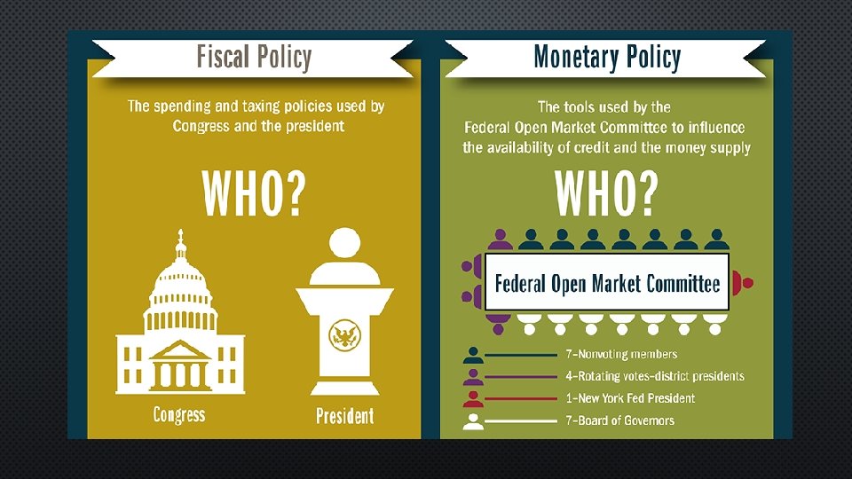 WHAT IS FISCAL POLICY? • FISCAL POLICY REFERS TO THE USE OF THE FEDERAL BUDGET—TAXING, SPENDING AND BORROWING—CAN BE USED TO INFLUENCE THE ECONOMY (I. E. CHANGE THE LEVEL OF TOTAL SPENDING IN THE ECONOMY) • FISCAL POLICY IS SHAPED MOSTLY BY CONGRESS AND THE PRESIDENT • FISCAL POLICY IS INFLUENCED BY POLITICAL IDEOLOGY AND VIEW OF THE APPROPRIATE SCOPE OF GOVERNMENT
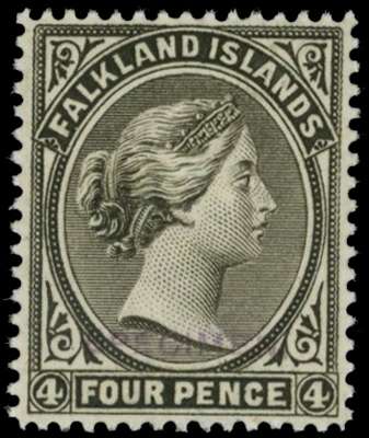 1896 4d olive-black overprinted 'SPECIMEN'...
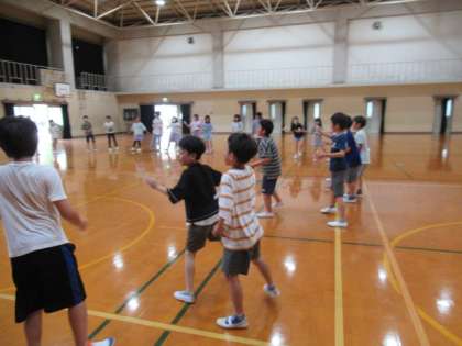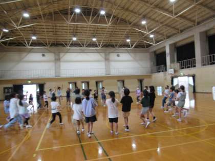 日程を確認した後,キャンプファイヤーで行うダンスの練習をしました。
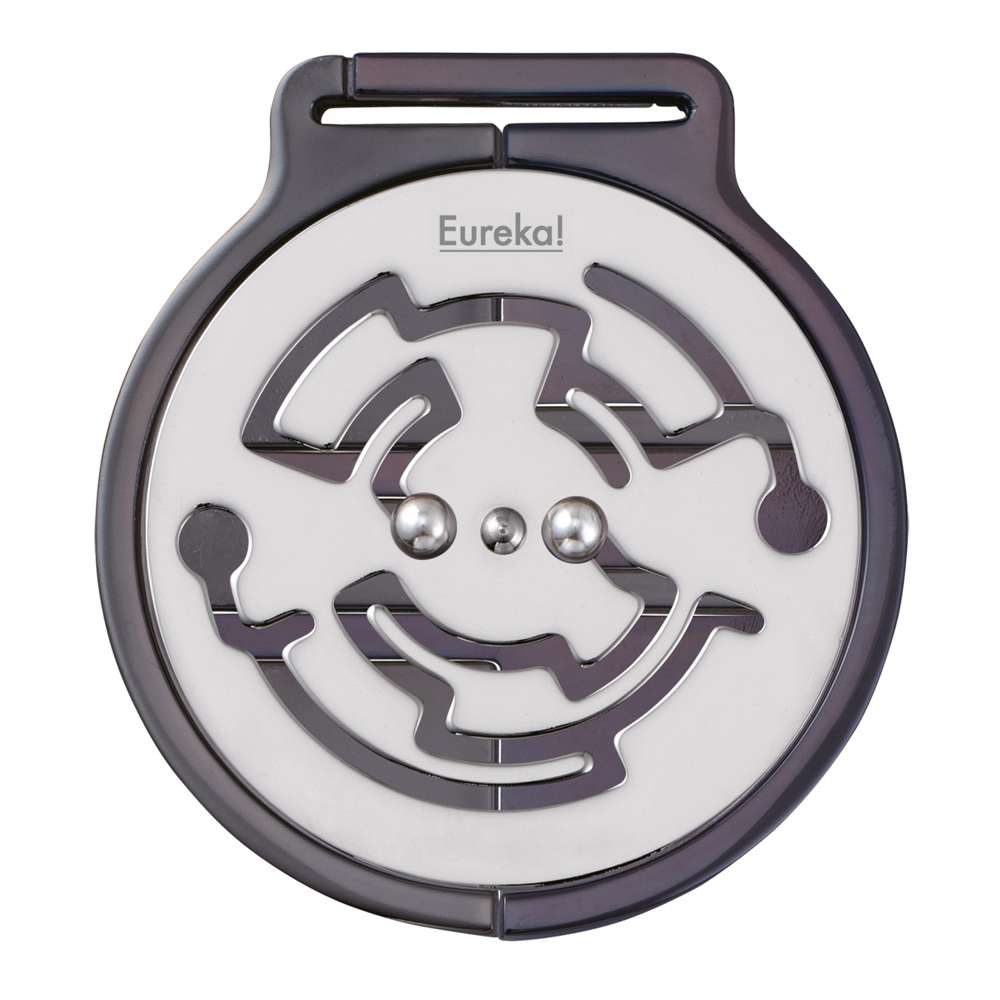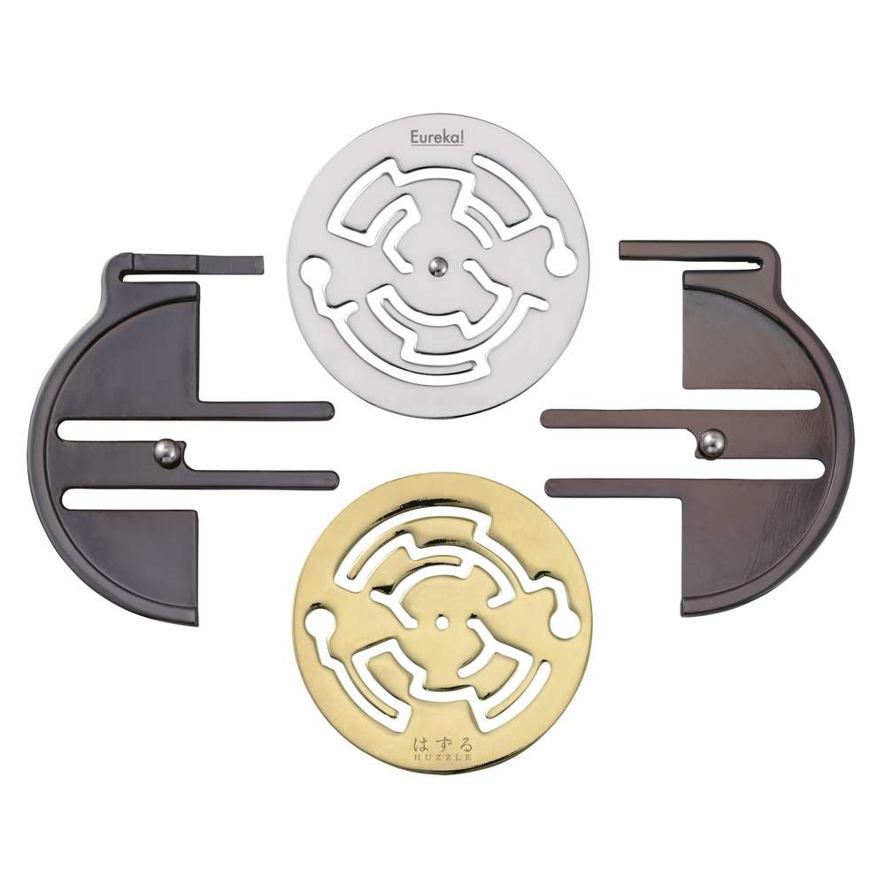 Dieses Medallion ist ein komplexes Labyrinth-Puzzle mit Scheiben, die scheinbar untrennbar miteinander verbunden sind. Drehen Sie die goldene und silberne Scheibe damit sich die mittleren schwarzen Teile nach aussen bewegen. Wenn du versuchst, eine Abkürzung zu nehmen, wirst du in eine Sackgasse geraten.
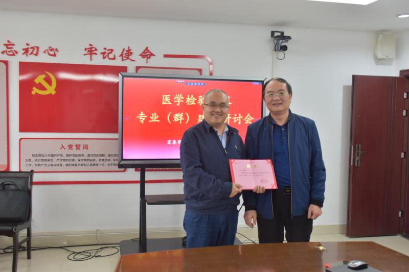 讲学结束后,王教授参加了“医学检验技术专业(群)建设研讨会”,副校长刘军出席,医学院领导班子、医学检验技术专业教师到场,就专业建设、教学方法、学生培养以及青年教师的成长进行了密切的交流。最后,副校长刘军为为王教授颁发担任买球官网医学检验技术专业建设指导委员会主任委员、买球官网医学检验技术专业(群)专业带头人聘书,感谢优秀校友对母校学生的发展给予的引领和帮助。医学院检验技术专业教师夏黎明说到,王教授曾经是我的大学老师,阔别9年再次见到他,依旧是记忆中的模样,亲和爽朗。我们大学那时王老师的求学经历早已成为了一段传奇佳话,知识渊博的他,激励着我们在求知的路上不断进取。
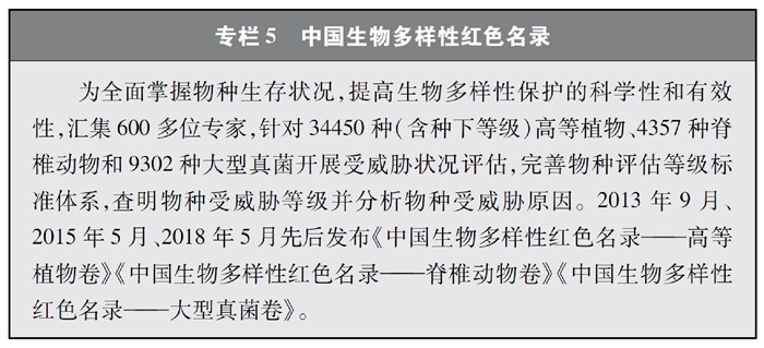 開展全國生物多樣性調(diào)查與評估。大力推進生物多樣性保護重大工程實施,結(jié)合自然資源調(diào)查、生態(tài)系統(tǒng)監(jiān)測評估等工作,不斷完善生物多樣性調(diào)查與評估能力,首次將生物多樣性指標(biāo)納入生態(tài)質(zhì)量綜合評價指標(biāo)體系,引導(dǎo)地方加強生態(tài)文明建設(shè)與生物多樣性保護。開展自然資源調(diào)查,包括森林、草原、水、濕地、荒漠、海洋等,建立自然資源調(diào)查評價監(jiān)測制度。構(gòu)建了涵蓋2376個縣級行政單元、樣線總長超過3.4萬公里的物種分布數(shù)據(jù)庫,建立物種資源調(diào)查及收集信息平臺,準(zhǔn)確反映野生動植物空間分布狀況。完成長江經(jīng)濟帶、京津冀等國家戰(zhàn)略區(qū)域180多個縣級行政區(qū)生物多樣性調(diào)查與評估。組織開展近海漁業(yè)資源調(diào)查,初步掌握近海漁業(yè)資源狀況。陸續(xù)發(fā)布《中國植物紅皮書》《中國瀕危動物紅皮書》《中國物種紅色名錄》《中國生物多樣性紅色名錄》,基本掌握生物多樣性總體情況,為加強生物多樣性保護奠定了科學(xué)基礎(chǔ)。
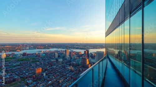 © kirania, Obraz premium High angle view of a city with skyscrapers during sunset

□ □ □

Task directions: Give the lines of the entries above exactly as they appear, leaving out each picture.

Final answer:
 WHAT IS FISCAL POLICY? • FISCAL POLICY REFERS TO THE USE OF THE FEDERAL BUDGET—TAXING, SPENDING AND BORROWING—CAN BE USED TO INFLUENCE THE ECONOMY (I. E. CHANGE THE LEVEL OF TOTAL SPENDING IN THE ECONOMY) • FISCAL POLICY IS SHAPED MOSTLY BY CONGRESS AND THE PRESIDENT • FISCAL POLICY IS INFLUENCED BY POLITICAL IDEOLOGY AND VIEW OF THE APPROPRIATE SCOPE OF GOVERNMENT
 1896 4d olive-black overprinted 'SPECIMEN'...
 日程を確認した後,キャンプファイヤーで行うダンスの練習をしました。
 Dieses Medallion ist ein komplexes Labyrinth-Puzzle mit Scheiben, die scheinbar untrennbar miteinander verbunden sind. Drehen Sie die goldene und silberne Scheibe damit sich die mittleren schwarzen Teile nach aussen bewegen. Wenn du versuchst, eine Abkürzung zu nehmen, wirst du in eine Sackgasse geraten.
 讲学结束后,王教授参加了“医学检验技术专业(群)建设研讨会”,副校长刘军出席,医学院领导班子、医学检验技术专业教师到场,就专业建设、教学方法、学生培养以及青年教师的成长进行了密切的交流。最后,副校长刘军为为王教授颁发担任买球官网医学检验技术专业建设指导委员会主任委员、买球官网医学检验技术专业(群)专业带头人聘书,感谢优秀校友对母校学生的发展给予的引领和帮助。医学院检验技术专业教师夏黎明说到,王教授曾经是我的大学老师,阔别9年再次见到他,依旧是记忆中的模样,亲和爽朗。我们大学那时王老师的求学经历早已成为了一段传奇佳话,知识渊博的他,激励着我们在求知的路上不断进取。
 開展全國生物多樣性調(diào)查與評估。大力推進生物多樣性保護重大工程實施,結(jié)合自然資源調(diào)查、生態(tài)系統(tǒng)監(jiān)測評估等工作,不斷完善生物多樣性調(diào)查與評估能力,首次將生物多樣性指標(biāo)納入生態(tài)質(zhì)量綜合評價指標(biāo)體系,引導(dǎo)地方加強生態(tài)文明建設(shè)與生物多樣性保護。開展自然資源調(diào)查,包括森林、草原、水、濕地、荒漠、海洋等,建立自然資源調(diào)查評價監(jiān)測制度。構(gòu)建了涵蓋2376個縣級行政單元、樣線總長超過3.4萬公里的物種分布數(shù)據(jù)庫,建立物種資源調(diào)查及收集信息平臺,準(zhǔn)確反映野生動植物空間分布狀況。完成長江經(jīng)濟帶、京津冀等國家戰(zhàn)略區(qū)域180多個縣級行政區(qū)生物多樣性調(diào)查與評估。組織開展近海漁業(yè)資源調(diào)查,初步掌握近海漁業(yè)資源狀況。陸續(xù)發(fā)布《中國植物紅皮書》《中國瀕危動物紅皮書》《中國物種紅色名錄》《中國生物多樣性紅色名錄》,基本掌握生物多樣性總體情況,為加強生物多樣性保護奠定了科學(xué)基礎(chǔ)。
 © kirania, Obraz premium High angle view of a city with skyscrapers during sunset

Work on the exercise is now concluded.